Stored items:
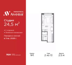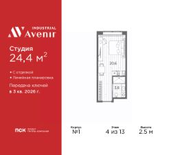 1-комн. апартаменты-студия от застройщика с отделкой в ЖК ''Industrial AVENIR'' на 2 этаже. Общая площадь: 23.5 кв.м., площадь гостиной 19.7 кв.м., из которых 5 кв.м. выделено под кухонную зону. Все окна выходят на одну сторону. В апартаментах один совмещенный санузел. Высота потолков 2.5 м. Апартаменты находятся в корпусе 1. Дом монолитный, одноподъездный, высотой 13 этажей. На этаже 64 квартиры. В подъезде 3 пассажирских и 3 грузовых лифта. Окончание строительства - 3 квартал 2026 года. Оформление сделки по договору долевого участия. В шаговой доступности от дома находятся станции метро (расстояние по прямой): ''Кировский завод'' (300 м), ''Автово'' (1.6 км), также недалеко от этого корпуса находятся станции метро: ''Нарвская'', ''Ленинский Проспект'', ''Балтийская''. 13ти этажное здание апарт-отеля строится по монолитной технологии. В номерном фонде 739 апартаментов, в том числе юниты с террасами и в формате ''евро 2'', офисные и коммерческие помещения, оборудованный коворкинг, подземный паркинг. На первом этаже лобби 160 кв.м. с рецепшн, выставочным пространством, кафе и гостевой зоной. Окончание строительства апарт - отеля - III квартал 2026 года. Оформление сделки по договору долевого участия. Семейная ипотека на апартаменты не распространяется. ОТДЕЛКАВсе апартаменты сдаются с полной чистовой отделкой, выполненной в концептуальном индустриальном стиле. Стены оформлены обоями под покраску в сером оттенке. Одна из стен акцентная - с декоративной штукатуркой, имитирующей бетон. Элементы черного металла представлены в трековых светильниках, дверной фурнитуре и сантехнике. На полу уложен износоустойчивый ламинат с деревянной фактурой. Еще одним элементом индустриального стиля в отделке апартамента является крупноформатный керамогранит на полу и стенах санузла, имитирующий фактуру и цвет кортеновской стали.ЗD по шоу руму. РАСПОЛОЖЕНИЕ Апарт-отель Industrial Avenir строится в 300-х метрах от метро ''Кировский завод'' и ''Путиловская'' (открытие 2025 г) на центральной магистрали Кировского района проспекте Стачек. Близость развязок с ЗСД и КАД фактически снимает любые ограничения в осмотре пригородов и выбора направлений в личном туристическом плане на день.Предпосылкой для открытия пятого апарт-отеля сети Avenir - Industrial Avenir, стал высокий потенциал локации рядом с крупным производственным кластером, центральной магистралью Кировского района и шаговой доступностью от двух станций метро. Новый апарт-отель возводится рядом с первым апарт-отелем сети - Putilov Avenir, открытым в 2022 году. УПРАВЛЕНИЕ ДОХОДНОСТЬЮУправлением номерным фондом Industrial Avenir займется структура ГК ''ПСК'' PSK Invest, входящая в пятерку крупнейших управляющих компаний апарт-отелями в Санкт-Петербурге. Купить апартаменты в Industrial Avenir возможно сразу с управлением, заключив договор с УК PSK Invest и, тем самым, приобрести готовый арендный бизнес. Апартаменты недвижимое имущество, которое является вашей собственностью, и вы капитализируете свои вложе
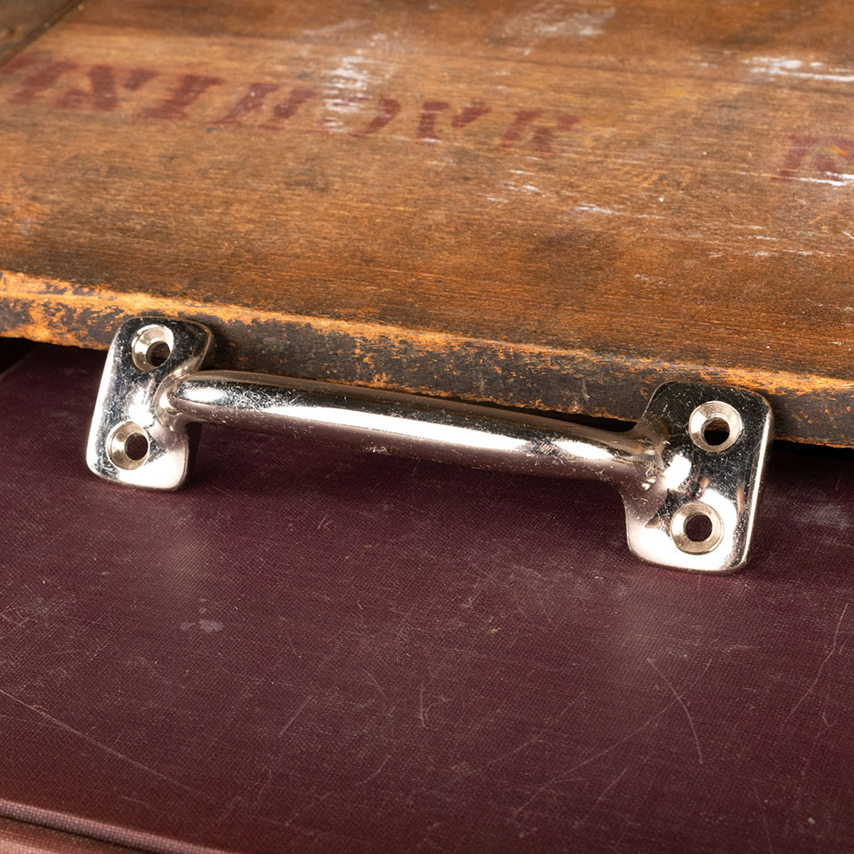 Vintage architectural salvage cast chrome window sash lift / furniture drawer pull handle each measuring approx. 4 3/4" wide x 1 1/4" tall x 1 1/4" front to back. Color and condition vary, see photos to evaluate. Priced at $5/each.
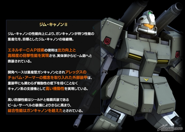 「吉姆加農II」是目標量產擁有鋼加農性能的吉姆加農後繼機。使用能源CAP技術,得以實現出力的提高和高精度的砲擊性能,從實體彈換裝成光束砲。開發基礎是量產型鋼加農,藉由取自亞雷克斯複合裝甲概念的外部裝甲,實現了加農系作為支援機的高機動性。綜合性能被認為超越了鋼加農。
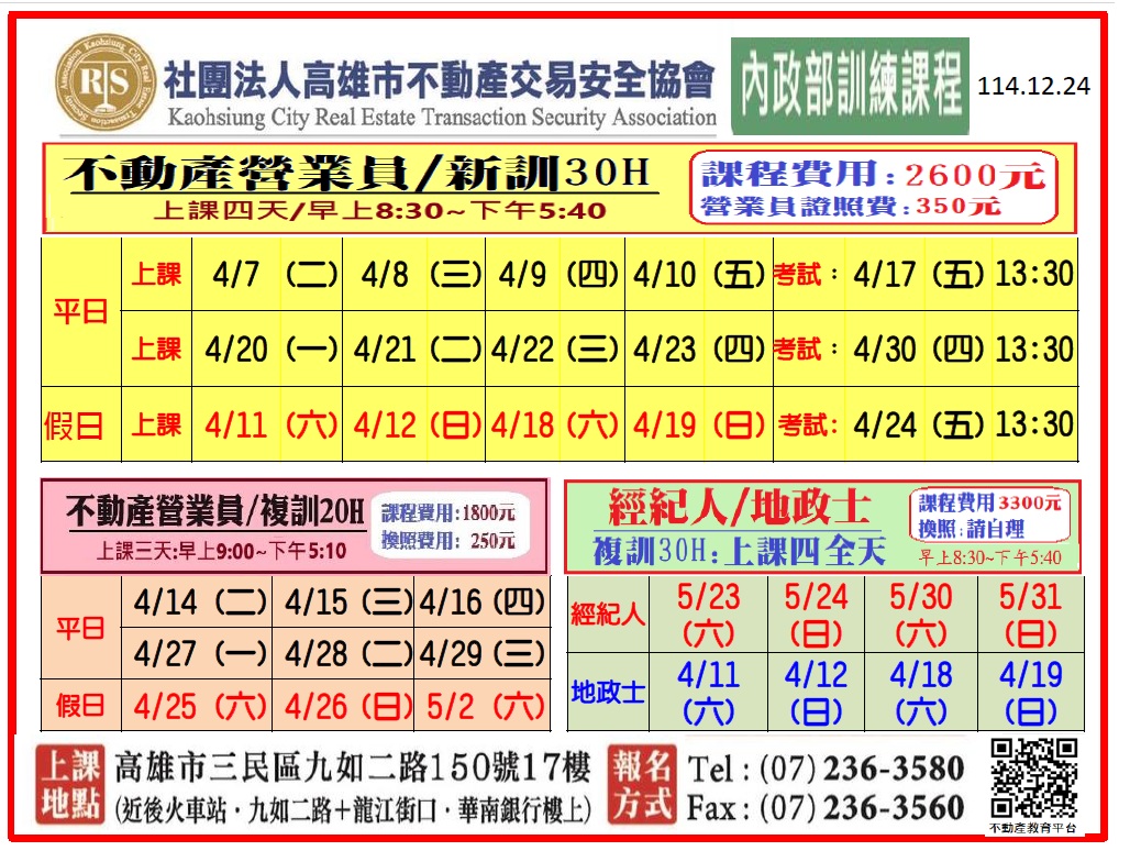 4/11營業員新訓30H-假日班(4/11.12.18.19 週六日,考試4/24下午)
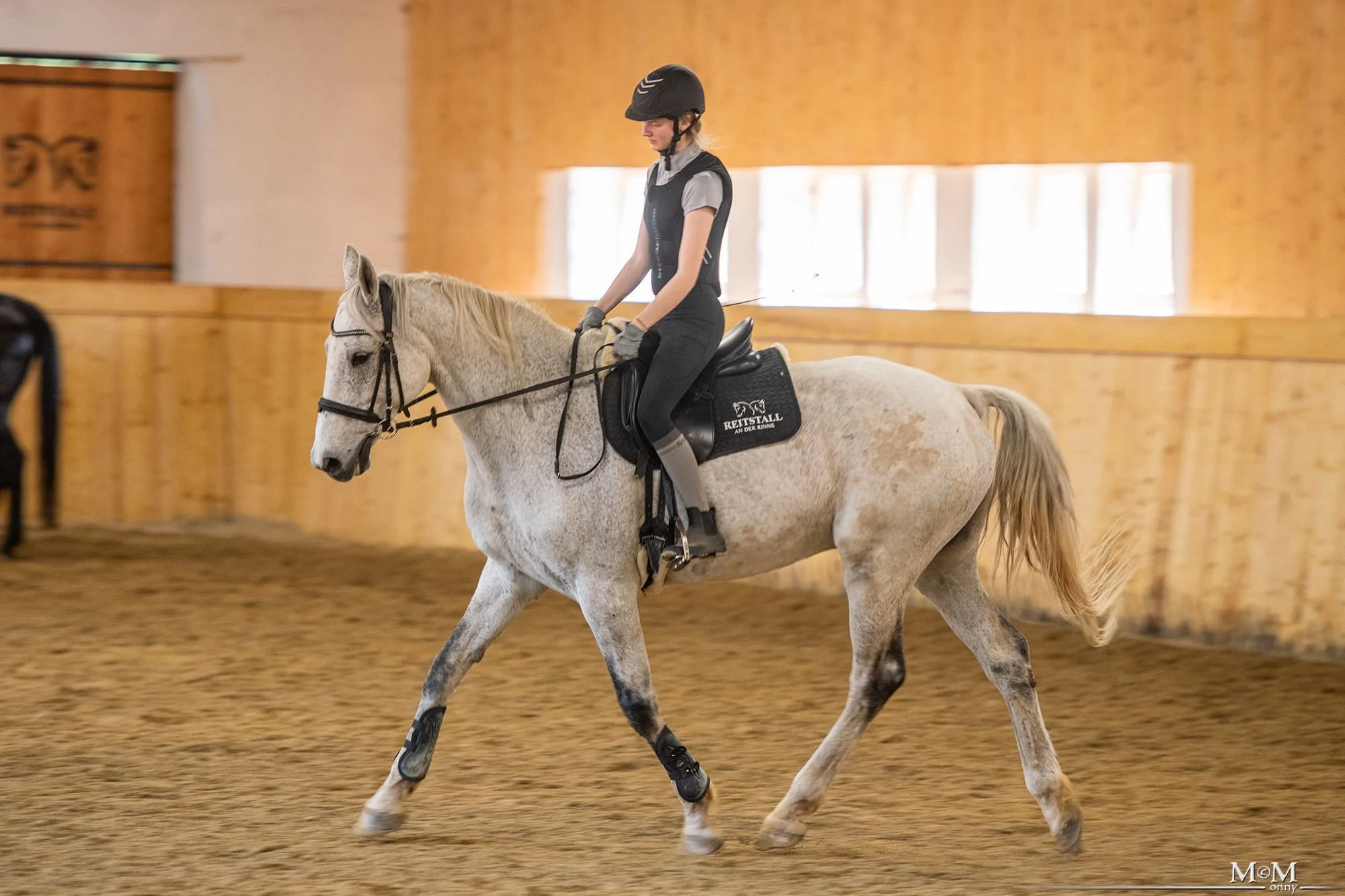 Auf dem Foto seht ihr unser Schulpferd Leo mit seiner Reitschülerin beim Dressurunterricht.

# About this task:
I'd like the entries above repeated exactly, but without any of their pictures.

# Solution to this problem:
 1-комн. апартаменты-студия от застройщика с отделкой в ЖК ''Industrial AVENIR'' на 2 этаже. Общая площадь: 23.5 кв.м., площадь гостиной 19.7 кв.м., из которых 5 кв.м. выделено под кухонную зону. Все окна выходят на одну сторону. В апартаментах один совмещенный санузел. Высота потолков 2.5 м. Апартаменты находятся в корпусе 1. Дом монолитный, одноподъездный, высотой 13 этажей. На этаже 64 квартиры. В подъезде 3 пассажирских и 3 грузовых лифта. Окончание строительства - 3 квартал 2026 года. Оформление сделки по договору долевого участия. В шаговой доступности от дома находятся станции метро (расстояние по прямой): ''Кировский завод'' (300 м), ''Автово'' (1.6 км), также недалеко от этого корпуса находятся станции метро: ''Нарвская'', ''Ленинский Проспект'', ''Балтийская''. 13ти этажное здание апарт-отеля строится по монолитной технологии. В номерном фонде 739 апартаментов, в том числе юниты с террасами и в формате ''евро 2'', офисные и коммерческие помещения, оборудованный коворкинг, подземный паркинг. На первом этаже лобби 160 кв.м. с рецепшн, выставочным пространством, кафе и гостевой зоной. Окончание строительства апарт - отеля - III квартал 2026 года. Оформление сделки по договору долевого участия. Семейная ипотека на апартаменты не распространяется. ОТДЕЛКАВсе апартаменты сдаются с полной чистовой отделкой, выполненной в концептуальном индустриальном стиле. Стены оформлены обоями под покраску в сером оттенке. Одна из стен акцентная - с декоративной штукатуркой, имитирующей бетон. Элементы черного металла представлены в трековых светильниках, дверной фурнитуре и сантехнике. На полу уложен износоустойчивый ламинат с деревянной фактурой. Еще одним элементом индустриального стиля в отделке апартамента является крупноформатный керамогранит на полу и стенах санузла, имитирующий фактуру и цвет кортеновской стали.ЗD по шоу руму. РАСПОЛОЖЕНИЕ Апарт-отель Industrial Avenir строится в 300-х метрах от метро ''Кировский завод'' и ''Путиловская'' (открытие 2025 г) на центральной магистрали Кировского района проспекте Стачек. Близость развязок с ЗСД и КАД фактически снимает любые ограничения в осмотре пригородов и выбора направлений в личном туристическом плане на день.Предпосылкой для открытия пятого апарт-отеля сети Avenir - Industrial Avenir, стал высокий потенциал локации рядом с крупным производственным кластером, центральной магистралью Кировского района и шаговой доступностью от двух станций метро. Новый апарт-отель возводится рядом с первым апарт-отелем сети - Putilov Avenir, открытым в 2022 году. УПРАВЛЕНИЕ ДОХОДНОСТЬЮУправлением номерным фондом Industrial Avenir займется структура ГК ''ПСК'' PSK Invest, входящая в пятерку крупнейших управляющих компаний апарт-отелями в Санкт-Петербурге. Купить апартаменты в Industrial Avenir возможно сразу с управлением, заключив договор с УК PSK Invest и, тем самым, приобрести готовый арендный бизнес. Апартаменты недвижимое имущество, которое является вашей собственностью, и вы капитализируете свои вложе
 Vintage architectural salvage cast chrome window sash lift / furniture drawer pull handle each measuring approx. 4 3/4" wide x 1 1/4" tall x 1 1/4" front to back. Color and condition vary, see photos to evaluate. Priced at $5/each.
 「吉姆加農II」是目標量產擁有鋼加農性能的吉姆加農後繼機。使用能源CAP技術,得以實現出力的提高和高精度的砲擊性能,從實體彈換裝成光束砲。開發基礎是量產型鋼加農,藉由取自亞雷克斯複合裝甲概念的外部裝甲,實現了加農系作為支援機的高機動性。綜合性能被認為超越了鋼加農。
 4/11營業員新訓30H-假日班(4/11.12.18.19 週六日,考試4/24下午)
 Auf dem Foto seht ihr unser Schulpferd Leo mit seiner Reitschülerin beim Dressurunterricht.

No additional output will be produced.